Repeat exactly, and only, the lines of the entries below from the one with "- 在核心配置文件MyBat" through the one with "朝のサクララウンジのお食事どころ THE DININGは多くのお客さんで賑わっていて、バイキングスタイルの朝食をとっていました。", both ends included.

* **Available data**

☆ ☆ ☆

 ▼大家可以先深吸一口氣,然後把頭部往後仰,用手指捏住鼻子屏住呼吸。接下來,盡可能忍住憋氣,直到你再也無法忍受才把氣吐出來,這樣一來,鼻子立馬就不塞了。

☆ ☆ ☆

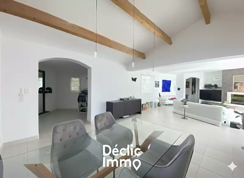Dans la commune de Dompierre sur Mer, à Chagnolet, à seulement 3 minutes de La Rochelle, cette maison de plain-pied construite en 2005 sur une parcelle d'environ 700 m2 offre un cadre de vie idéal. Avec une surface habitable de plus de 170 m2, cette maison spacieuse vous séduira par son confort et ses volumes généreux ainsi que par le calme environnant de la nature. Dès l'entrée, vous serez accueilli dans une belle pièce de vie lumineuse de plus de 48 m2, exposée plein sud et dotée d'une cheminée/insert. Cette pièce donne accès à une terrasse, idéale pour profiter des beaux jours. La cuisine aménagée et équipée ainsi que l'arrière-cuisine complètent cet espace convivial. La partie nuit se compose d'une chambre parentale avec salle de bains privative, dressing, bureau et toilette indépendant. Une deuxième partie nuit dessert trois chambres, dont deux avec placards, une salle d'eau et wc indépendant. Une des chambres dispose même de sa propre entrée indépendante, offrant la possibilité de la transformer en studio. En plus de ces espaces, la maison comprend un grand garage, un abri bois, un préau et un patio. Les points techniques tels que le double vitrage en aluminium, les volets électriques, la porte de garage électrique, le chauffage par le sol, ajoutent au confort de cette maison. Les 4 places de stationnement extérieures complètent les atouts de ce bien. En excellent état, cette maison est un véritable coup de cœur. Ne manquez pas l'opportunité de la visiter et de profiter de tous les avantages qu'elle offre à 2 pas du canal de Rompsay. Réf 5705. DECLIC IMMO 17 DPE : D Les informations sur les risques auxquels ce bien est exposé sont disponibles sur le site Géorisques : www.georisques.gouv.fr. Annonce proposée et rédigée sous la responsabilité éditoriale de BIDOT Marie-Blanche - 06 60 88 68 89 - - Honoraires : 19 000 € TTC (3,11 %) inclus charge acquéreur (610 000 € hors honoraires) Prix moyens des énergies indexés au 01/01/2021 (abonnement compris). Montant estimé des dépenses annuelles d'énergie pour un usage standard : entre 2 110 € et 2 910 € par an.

☆ ☆ ☆

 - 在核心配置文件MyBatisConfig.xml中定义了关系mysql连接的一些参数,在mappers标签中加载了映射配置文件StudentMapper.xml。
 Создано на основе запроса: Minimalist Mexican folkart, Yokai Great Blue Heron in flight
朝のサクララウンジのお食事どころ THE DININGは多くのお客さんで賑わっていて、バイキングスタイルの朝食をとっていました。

☆ ☆ ☆

* **Exercise solution**
 - 在核心配置文件MyBatisConfig.xml中定义了关系mysql连接的一些参数,在mappers标签中加载了映射配置文件StudentMapper.xml。
 Создано на основе запроса: Minimalist Mexican folkart, Yokai Great Blue Heron in flight
朝のサクララウンジのお食事どころ THE DININGは多くのお客さんで賑わっていて、バイキングスタイルの朝食をとっていました。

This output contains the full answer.